Set out exactly every line of the entries below, starting at the line that holds "Histoire des mouvements sociaux" and stopping after the line that holds "徳島県立あすたむらんど子ども科学館 サイエンスショー見学②".

Data provided

============================================================

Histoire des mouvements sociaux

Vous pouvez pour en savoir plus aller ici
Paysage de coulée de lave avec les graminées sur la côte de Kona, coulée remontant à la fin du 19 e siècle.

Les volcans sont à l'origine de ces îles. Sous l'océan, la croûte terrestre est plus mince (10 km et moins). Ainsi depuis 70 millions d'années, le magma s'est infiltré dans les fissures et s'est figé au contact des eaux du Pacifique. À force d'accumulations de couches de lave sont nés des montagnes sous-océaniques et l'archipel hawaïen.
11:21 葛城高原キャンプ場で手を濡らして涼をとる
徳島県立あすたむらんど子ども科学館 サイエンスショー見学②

============================================================

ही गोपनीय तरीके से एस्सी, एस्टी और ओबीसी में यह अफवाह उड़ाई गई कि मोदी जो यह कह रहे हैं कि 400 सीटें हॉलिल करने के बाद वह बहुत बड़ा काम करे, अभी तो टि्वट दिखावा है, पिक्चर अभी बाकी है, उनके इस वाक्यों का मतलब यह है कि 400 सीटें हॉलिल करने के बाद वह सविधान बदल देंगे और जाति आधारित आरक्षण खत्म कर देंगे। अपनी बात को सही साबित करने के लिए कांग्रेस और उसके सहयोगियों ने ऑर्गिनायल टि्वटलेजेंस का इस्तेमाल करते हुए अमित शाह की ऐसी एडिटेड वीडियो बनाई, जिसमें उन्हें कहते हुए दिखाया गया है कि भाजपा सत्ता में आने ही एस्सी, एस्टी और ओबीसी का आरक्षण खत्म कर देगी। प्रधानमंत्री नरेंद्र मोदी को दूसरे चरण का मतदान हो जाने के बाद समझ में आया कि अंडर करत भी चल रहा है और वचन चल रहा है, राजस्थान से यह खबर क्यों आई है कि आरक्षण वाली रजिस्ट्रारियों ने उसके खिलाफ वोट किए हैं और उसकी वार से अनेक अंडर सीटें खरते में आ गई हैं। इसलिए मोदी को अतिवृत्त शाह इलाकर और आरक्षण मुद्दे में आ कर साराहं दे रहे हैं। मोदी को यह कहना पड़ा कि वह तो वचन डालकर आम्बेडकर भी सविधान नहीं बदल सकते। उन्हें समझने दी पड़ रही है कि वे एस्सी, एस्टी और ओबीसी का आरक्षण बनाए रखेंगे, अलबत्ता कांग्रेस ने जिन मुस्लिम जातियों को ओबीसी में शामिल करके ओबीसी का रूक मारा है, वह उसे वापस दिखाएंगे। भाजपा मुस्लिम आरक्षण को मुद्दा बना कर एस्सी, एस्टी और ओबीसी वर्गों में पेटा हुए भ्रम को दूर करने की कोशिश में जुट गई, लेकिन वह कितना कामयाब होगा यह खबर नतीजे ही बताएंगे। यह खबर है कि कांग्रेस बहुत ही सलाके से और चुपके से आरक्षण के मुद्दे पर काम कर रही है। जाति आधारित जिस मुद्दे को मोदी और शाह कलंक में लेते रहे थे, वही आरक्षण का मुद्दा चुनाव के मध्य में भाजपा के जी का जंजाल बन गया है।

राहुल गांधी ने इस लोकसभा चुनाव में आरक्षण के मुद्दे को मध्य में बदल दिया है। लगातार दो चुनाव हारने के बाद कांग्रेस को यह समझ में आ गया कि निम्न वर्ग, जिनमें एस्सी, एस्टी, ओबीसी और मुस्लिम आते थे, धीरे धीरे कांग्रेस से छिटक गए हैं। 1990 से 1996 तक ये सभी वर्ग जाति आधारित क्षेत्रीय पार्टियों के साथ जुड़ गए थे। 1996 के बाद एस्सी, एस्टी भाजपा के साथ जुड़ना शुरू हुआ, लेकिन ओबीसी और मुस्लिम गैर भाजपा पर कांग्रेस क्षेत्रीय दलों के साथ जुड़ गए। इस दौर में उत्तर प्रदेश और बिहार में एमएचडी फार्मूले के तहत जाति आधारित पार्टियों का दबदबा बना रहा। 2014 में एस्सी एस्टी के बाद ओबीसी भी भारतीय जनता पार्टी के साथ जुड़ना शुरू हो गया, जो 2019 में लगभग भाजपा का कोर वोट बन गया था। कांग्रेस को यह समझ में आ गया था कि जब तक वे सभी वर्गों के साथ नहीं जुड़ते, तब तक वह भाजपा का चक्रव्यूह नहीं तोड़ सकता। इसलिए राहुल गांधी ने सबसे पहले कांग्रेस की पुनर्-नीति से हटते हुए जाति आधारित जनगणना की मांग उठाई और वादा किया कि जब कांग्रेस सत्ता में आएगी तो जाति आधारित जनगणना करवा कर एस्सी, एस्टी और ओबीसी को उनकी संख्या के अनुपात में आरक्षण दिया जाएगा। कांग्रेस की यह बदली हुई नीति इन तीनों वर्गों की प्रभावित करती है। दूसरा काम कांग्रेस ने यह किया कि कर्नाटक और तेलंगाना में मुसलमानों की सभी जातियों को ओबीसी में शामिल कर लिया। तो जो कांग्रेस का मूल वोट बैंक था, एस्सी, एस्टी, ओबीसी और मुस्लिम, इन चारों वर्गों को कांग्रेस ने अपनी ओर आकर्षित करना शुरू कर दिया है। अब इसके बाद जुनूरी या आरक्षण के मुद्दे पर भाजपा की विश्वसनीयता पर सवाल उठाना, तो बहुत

============================================================

Reply to the task
Histoire des mouvements sociaux

Vous pouvez pour en savoir plus aller ici
Paysage de coulée de lave avec les graminées sur la côte de Kona, coulée remontant à la fin du 19 e siècle.

Les volcans sont à l'origine de ces îles. Sous l'océan, la croûte terrestre est plus mince (10 km et moins). Ainsi depuis 70 millions d'années, le magma s'est infiltré dans les fissures et s'est figé au contact des eaux du Pacifique. À force d'accumulations de couches de lave sont nés des montagnes sous-océaniques et l'archipel hawaïen.
11:21 葛城高原キャンプ場で手を濡らして涼をとる
徳島県立あすたむらんど子ども科学館 サイエンスショー見学②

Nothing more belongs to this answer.